SARAS Aajeevika Mela 2026: A fair of crafts, courage, and change, how it has emerged as a capacity-building platform
The winter sun had just begun to soften over Gurugram’s glass towers when the gates of Leisure Valley Park in Sector-29 opened to a different kind of skyline, one made not of steel and glass, but of handwoven silk, bamboo craft, spices, songs, and stories. Office-goers slowed their steps, children tugged at their parents’ hands, and the familiar corporate rhythm of the cyber city gave way to the hum of folk music and the scent of freshly cooked regional food.
The SARAS Aajeevika Mela, 2026, had arrived, turning the urban landscape into a living canvas of rural India. This national-level fair (from February 10 to 26) feels less like an exhibition and more like a journey across the country. The event brought together over 900 women entrepreneurs from 28 states, representing Self-Help Groups (SHGs).
With more than 450 stalls organised across state pavilions, the mela is described as a “Mini India” that presents region-specific products rooted in local traditions and artisanal skills.
Visitors encountered Pashmina shawls from Kashmir, silk textiles from Tamil Nadu, embroidered poshaks from Rajasthan, and bamboo crafts from Assam, alongside regional foods, handicrafts, and cultural performances. Beyond its cultural vibrancy, the mela illustrates a structured market linkage model within livelihood promotion frameworks.

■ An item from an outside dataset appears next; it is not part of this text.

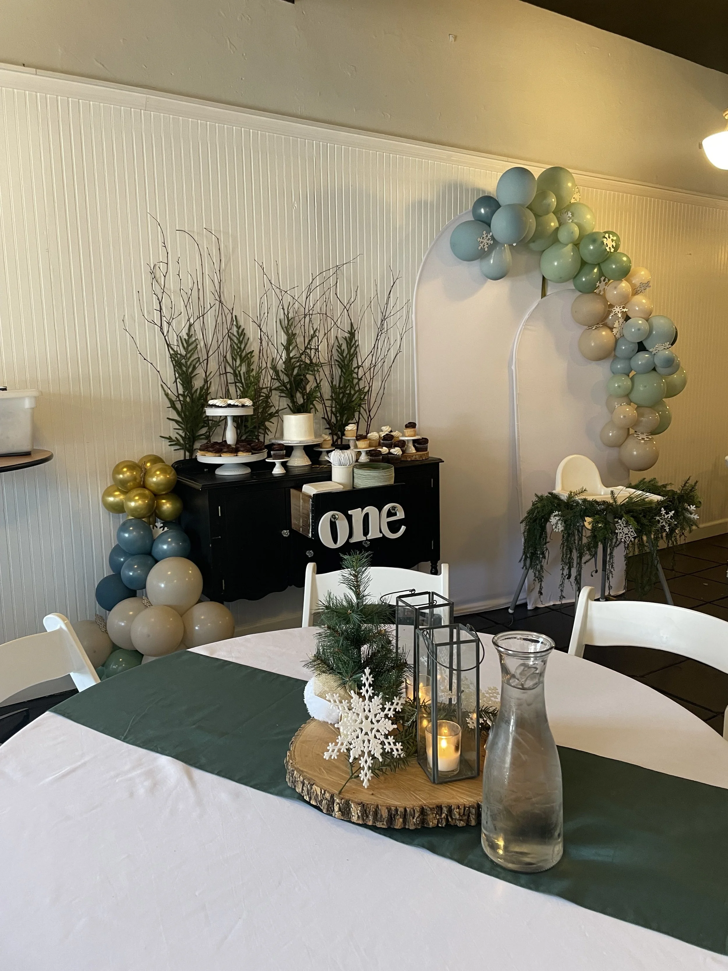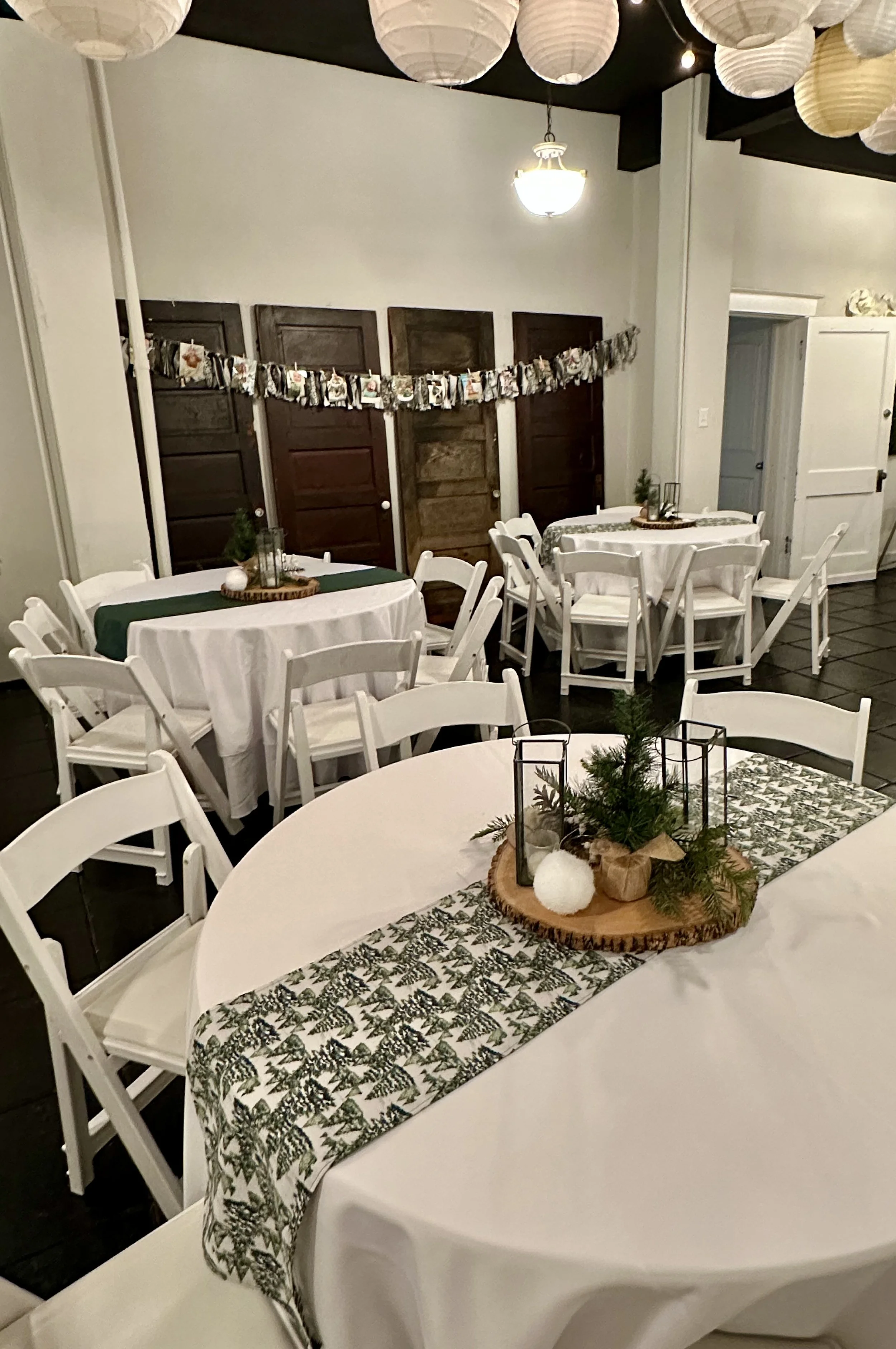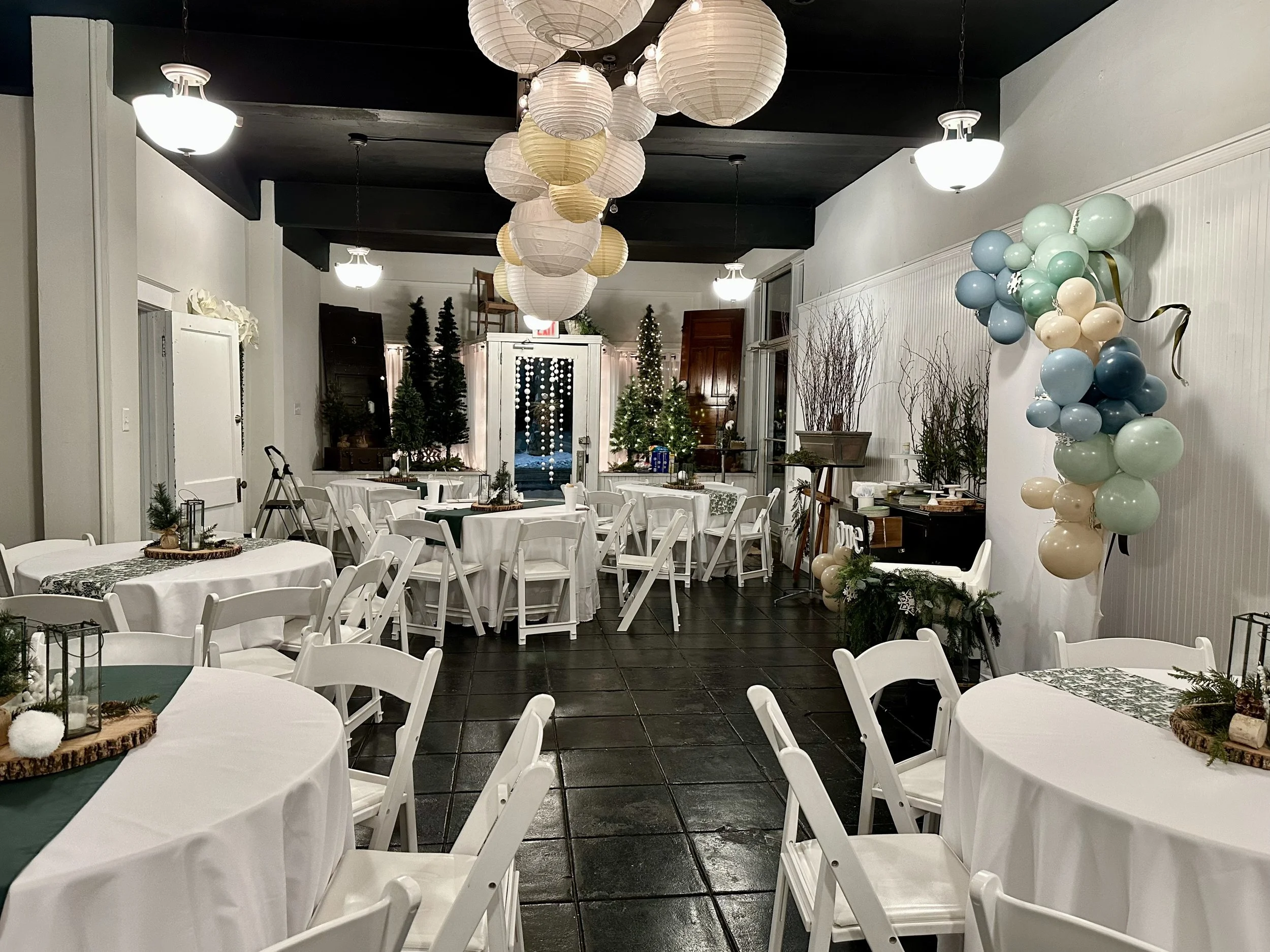 A decorated event space with white round tables covered in white tablecloths, accented with greenery and lantern centerpieces. White chairs surround the tables, and a balloon arch in pastel colors decorates one wall. In the background, there are Chri

It demonstrates how curated urban exhibitions can enhance income opportunities, enable direct-to-consumer sales, strengthen brand visibility for SHG products, and promote women-led micro-enterprises within a formalised marketplace.
A structured capacity-building platform
Beyond its commercial dimension, the SARAS Mela functions as a structured capacity-building platform. At the Knowledge and Learning Pavilion, women participate in workshops on packaging, branding, proposal development, and digital marketing strategies. Dedicated sessions on logistics and transportation management equip them with the skills to distribute products efficiently across domestic and international markets. Collaborations with e-commerce platforms and awareness initiatives around the E-SARAS portal are designed to extend market access beyond the fair's duration, ensuring continuity in sales and enterprise sustainability.
As evening descends and the mela lights illuminate the park, the fair emerges as a microcosm of rural enterprise and collective aspiration. Visitors depart with handloom textiles, crafts, and regional foods, and with inspiring stories of mentorship, entrepreneurship, and community-driven innovation rooted in tradition and shared prosperity. In a fast-paced urban setting, the SARAS Aajeevika Mela creates space to recognise the labour, resilience, and livelihoods embedded in each stall.